1. Go to your local NAPA store
2. Order part number 966 (no need to pay right away)
3. Pick up oil in 2-3 days tops!


----------



## roortoob (Apr 9, 2007)

I used castrol syntec 5w40 for 120k miles w/ excellent results, almost never burning any. Did my last 2 oil changes w/ Amsiol 5w40, and it burns less. Anyone reading this who's interested in trying Amsiol, lemme know. I'm a dealer, and can give discounts on the oil and the filters, which actually have more filtration layers and gradients than the dealer filters...something I didn't think was possible.
pm or call if interested in trying Amsoil.


----------



## 97VWJett (May 17, 2003)

*Re: (roortoob)*

I am running Mobil1 0w40. Seems like the engine has less parasitic draw over 5w40 - Valvoline Synpower


----------



## MikeWire (Oct 20, 2003)

*Re: Mobil 1 0w40 not good for 2.0?? (albert427)*

I switched to Synpower (5w-40) this last oil change and have had to add no oil between changes, where when I was running Mobil1 (0w-40) I had to add almost 1qt between oil changes...when my extra quart was gone I would know it was time to change the oil.

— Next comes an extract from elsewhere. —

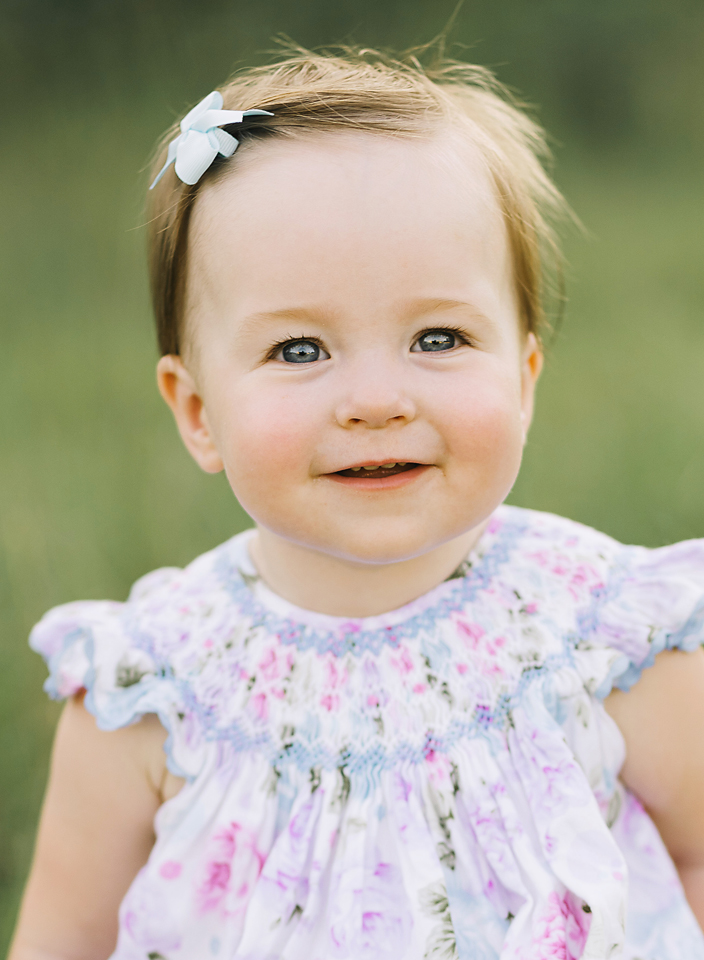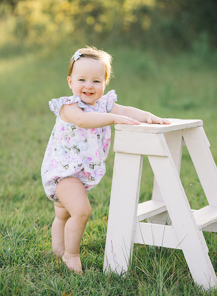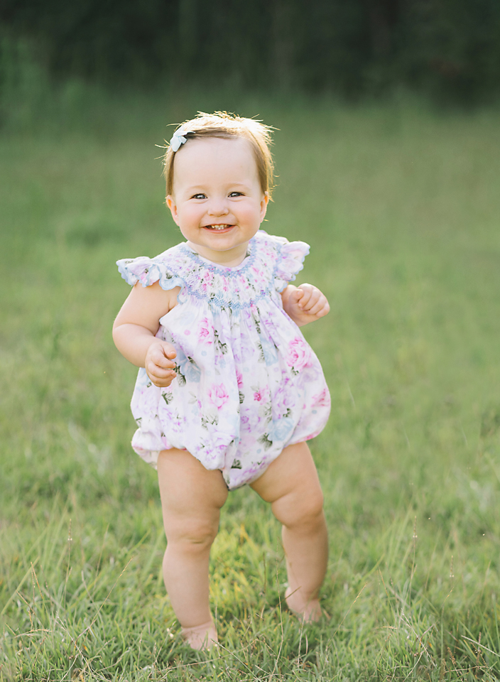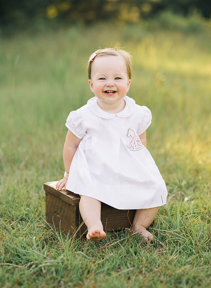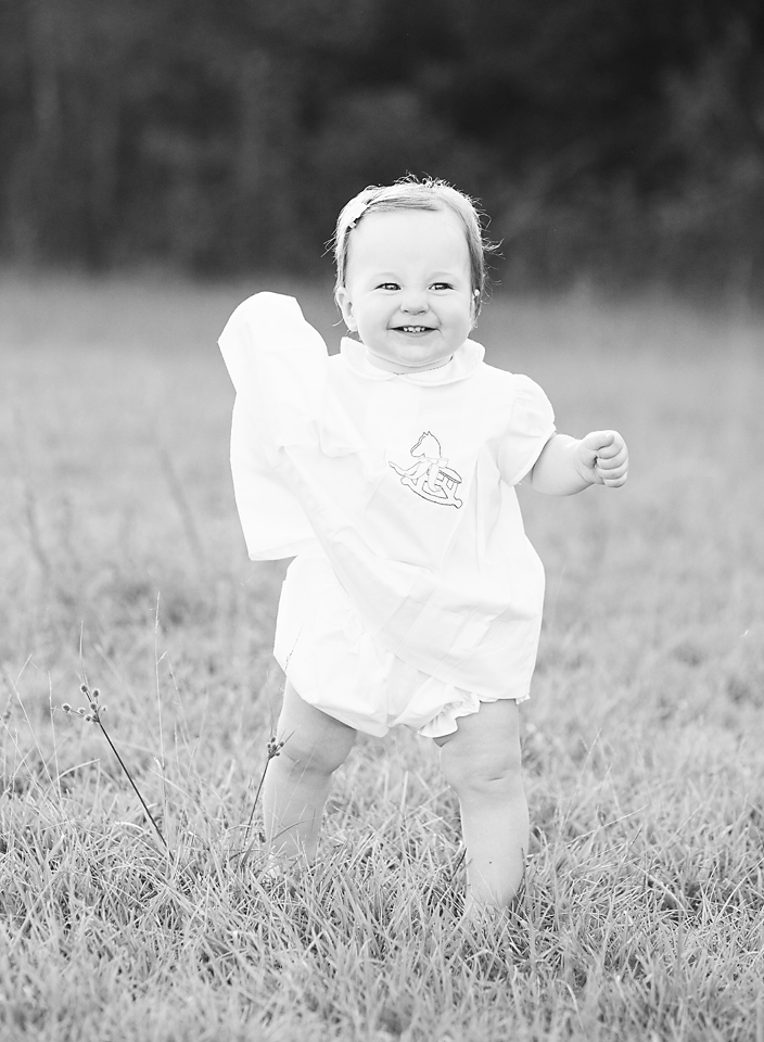 Little Sadie Grace wasn’t phased one bit by the 90+ temperature, but by the end of her session I looked like a drenched rat. She stayed in a good mood the entire time and smiled in just about every single picture I snapped. Oh how I love one year old photo sessions in the field!

One thing I notice is that after 3k miles that Synpower still has the golden color and barely smells like gas, so something good is going on there. With 3k and Mobil1 its was black and smelled strongly of gas.
One thing I don't like is in the morning when it is still warming up (about 1/2 way), I jump on the interstate and get up to 80 and I hear valve ticking. It sounds like it is only one valve/lifter though, so it's nothing to worry about. And as soon as it sucks up some oil, it's fine. FWIW I have 110k miles and I changed to synthetic around 93k with no issues.


----------



## dyck15 (Jan 3, 2005)

I was using Mobile 1 5w30 (I know I know... I got fooled by marketing, couldn't find 0w40) for a few oil changes, my AVH loved to suck up that stuff, typically about 1L between oil changes. I Switched to the VW Approved Castrol 5w40, she seems to run a bit smoother (I'm plagued with a small rough-idle problem) and she doesn't burn as much, though still a bit. 
Honestly, I keep hearing more and more bad news about Mobile 1. Seems like they're the big corporate entity of the engine oil world. My money is going to the smaller guys.
My Celica buddy just recently informed me that we can find Royal Purple somewhere in the city, so I may look into that next time.


----------



## albert427 (Jan 11, 2006)

*Re: (dyck15)*

So it's official...
Mobil 1 0w40 = Garbage (consumes about 1 quart per oil change)
Castrol Synthec 5w40 = Good (consumes less than .25 of a quart per oil change)
Valvoline Synpower 5w40 = Better (consumes even less than castrol)


----------



## ctuagent117 (Oct 4, 2005)

No- not garbage, just overpriced from everyother oil over the counter, while alot of other oils perform better than it. 
Most on Vortex are die hard M1, Alot of people who don't know much about oil, oil analysis', etc. also tend to cry 'Mobil1! mobil1!'


----------



## mr.greenvw (Aug 15, 2012)

I would like to add ti just switched from valvoline synpower 5w30 to mobil 1 0w40 starts up quiter and smoother and has alot better idle, also every vehicle is different mines a 99 2.0 i add a quart or so, psh so what! my car loves 0w40 and ill continue to use it, the synpower was black in color everytime even at 3,000 change interval, so 0w40 isnt garbage... Well not in my 2.slow it aint, cheers!:laugh:


----------



## Hurt (May 3, 2011)

I generally use 5-40 liquimoly in all of my 2 litre cars.


----------



## vacuumnoise (Jun 1, 2009)

I'm up at 201K miles and am thinking of running REDLINE 0w-40 with a 276 cam on stock springs. 


:thumbup::thumbup:


----------